ADR 0004 — Bradley–Terry ranking over simple win-rate

Status: Accepted (2026-05). Shipped as Phase 8. Context: Chapter 17 — Ranking Pipeline.

Decision

For multi-profile evaluation, fit a Bradley–Terry MLE on the pairwise win matrix via iterative Minorization-Maximization. Report 95% percentile-bootstrap confidence intervals. Use a symmetric +0.5 smoothing prior to keep the MLE bounded when one profile is undefeated.

What we considered

Option	Pros	Cons
Simple win-rate (wins / total)	Trivial to compute.	Doesn’t account for matchup structure when not all profiles meet equally; no statistical guarantee.
Elo iterative update	Familiar from chess.	Sensitive to scheduling; no natural confidence intervals; tunable K-factor adds another knob.
Bradley–Terry MLE	Closed-form fit; natural pairwise interpretation; CI via bootstrap.	Needs smoothing to handle undefeated profiles; requires `numpy`.
TrueSkill / Glicko	Per-player rating with uncertainty built in.	Heavy machinery for our small-N case; extra deps.

Why Bradley–Terry

The matchup structure is already pairwise.
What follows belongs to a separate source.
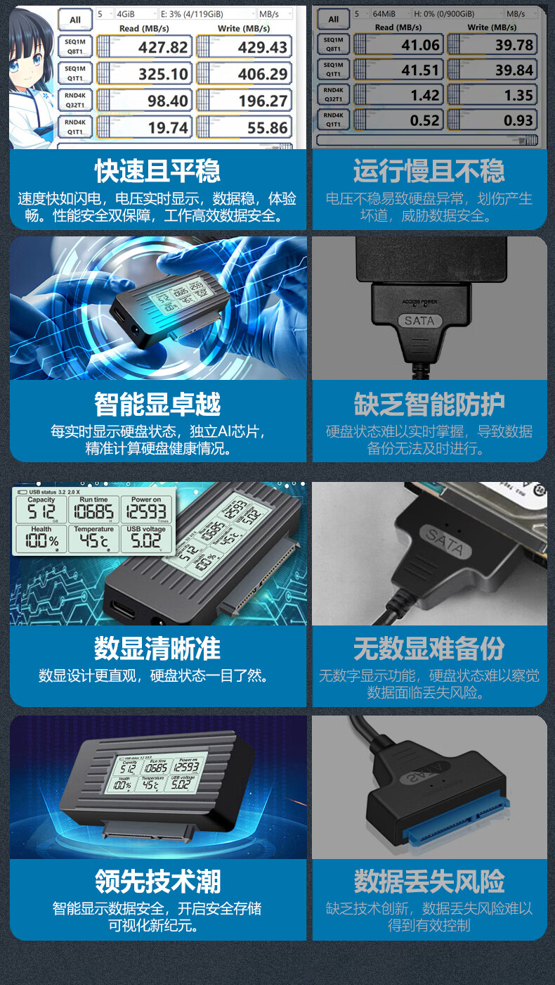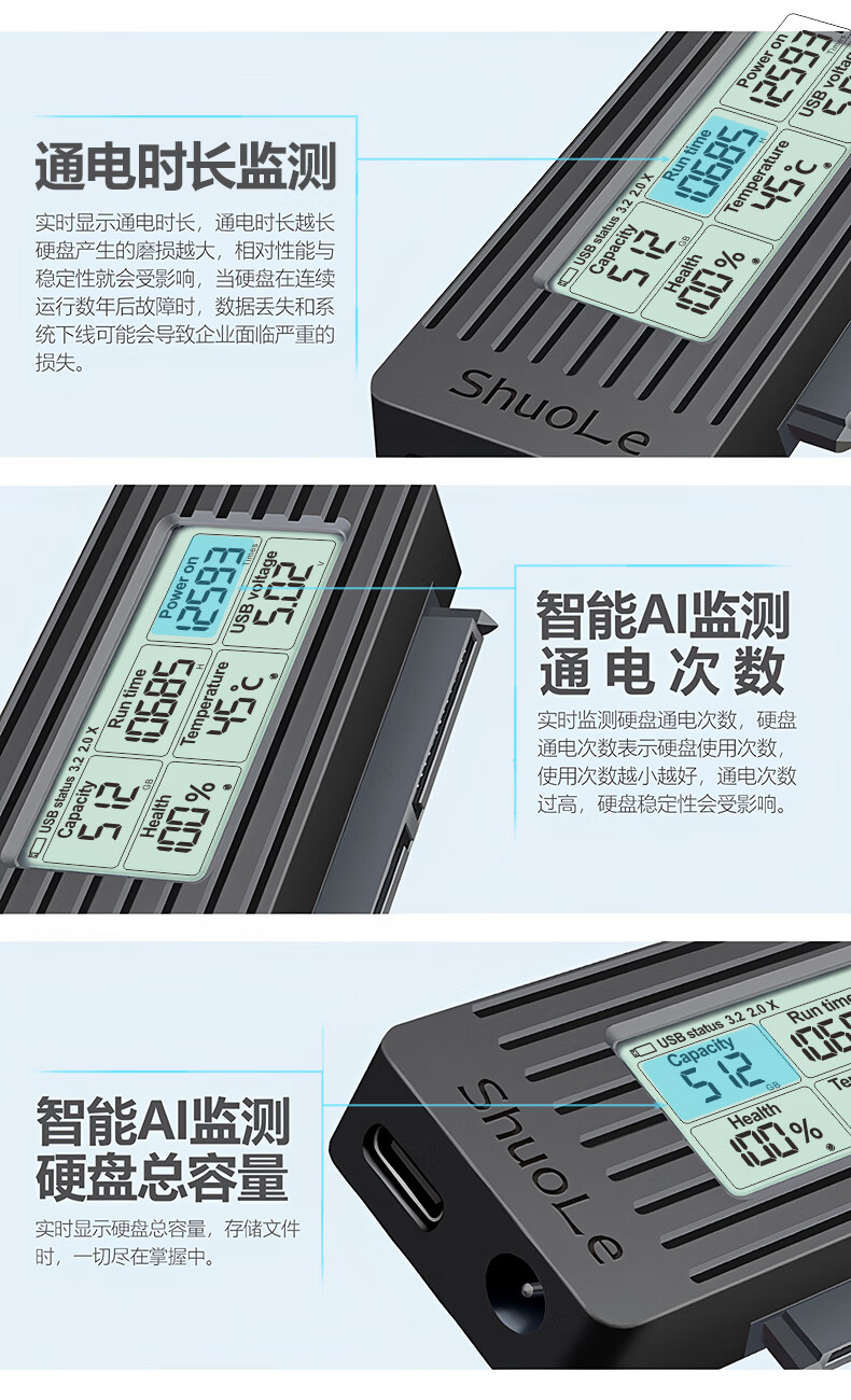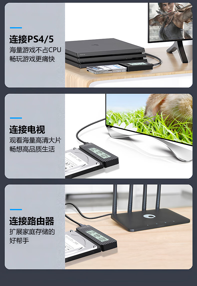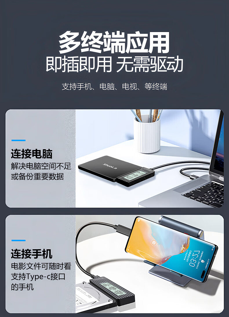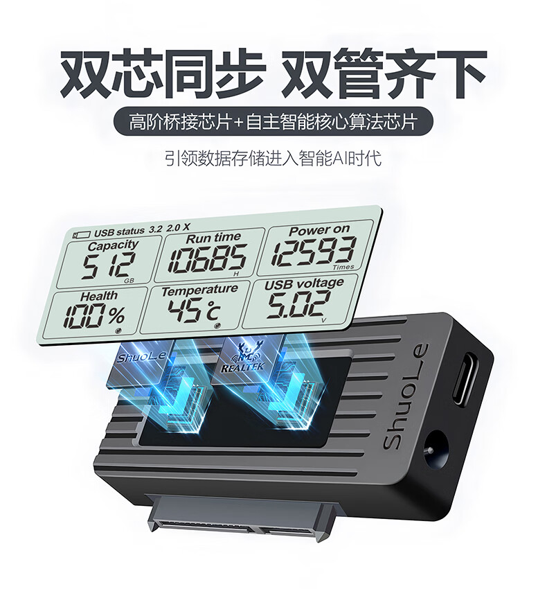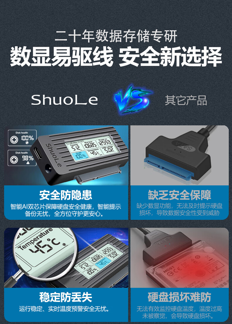 硕乐数显易驱线sata转usb3.0/3.2外置连接2.5/3.5英寸台式机笔记本电脑机械固态SSD移动硬盘读取器 3.5寸4T以上硬盘拍此款+12V3A电源+转接头

A “race instance” pits N profiles against each other on one scenario. The natural primitive is the win matrix.
Same approach LMSys Chatbot Arena uses. Well-understood, widely-explained model; reviewers don’t need to learn a custom rating scheme.
Closed-form symmetric smoothing handles degenerate cases. When profile A beats profile B in every round, vanilla MLE diverges to +inf. The +0.5 phantom-games prior (apps/arena/src/ranking.py:101) keeps ratings finite; bootstrap CIs reflect the resulting uncertainty.
Bootstrap CI gives reviewers what they actually need: “Is the difference between strategy and bare significant?” — answered by whether the 95% CIs overlap.

What we explicitly traded away

Cross-round score persistence. Each arena rank invocation is self-contained. There’s no global rating ladder accumulating across CLI runs. The MetricPayload events emitted under run_id="ranking" (apps/arena/src/ranking.py:235) make this possible later, but nothing reads them today.
Per-scenario ratings. _collect_outcomes keeps scenario in the matchup key (so cross-scenario pairs don’t compare), but the final rating is aggregated across scenarios. Per-scenario breakdowns are recoverable from the events; the table summary collapses them.

Why the lexicographic scoring (not a weighted sum)

composite_score = (age_index, population, food + wood) (ranking.py:80). Lexicographic, not weighted.

The rationale is the same one that drove the autoresearch composite score: reaching a higher age dominates any amount of lower-age economy. A weighted sum would let an agent “cheat” by stockpiling food in Dark Age to outrank a Feudal-Age opponent. Lexicographic ordering encodes the actual game-strategic intuition: you cannot trade age progress for resources.

The score function is passed in (ranking.py:307 — score_fn parameter) so research with different goals can swap it without changing the harness.

Consequences

Positive

Statistically defensible head-to-head comparisons with low ceremony.
Pluggable scoring (score_fn) keeps the harness general.
Bootstrap with bootstrap_seed keeps CIs reproducible across runs.

Negative

Needs numpy (already a dep — for world_sim).
The MM solver caps at 1000 iterations; in pathological cases a non-converged result raises RankingError. Rare in practice.
Bootstrap is N²-ish in samples × profiles² for win-matrix construction; at default bootstrap_samples=1000 and small N this is negligible. Larger evaluations might need vectorization.

Chapter 17 — Ranking Pipeline — operating guide.
Hunter (2004), “MM algorithms for generalized Bradley–Terry models” — the solver reference.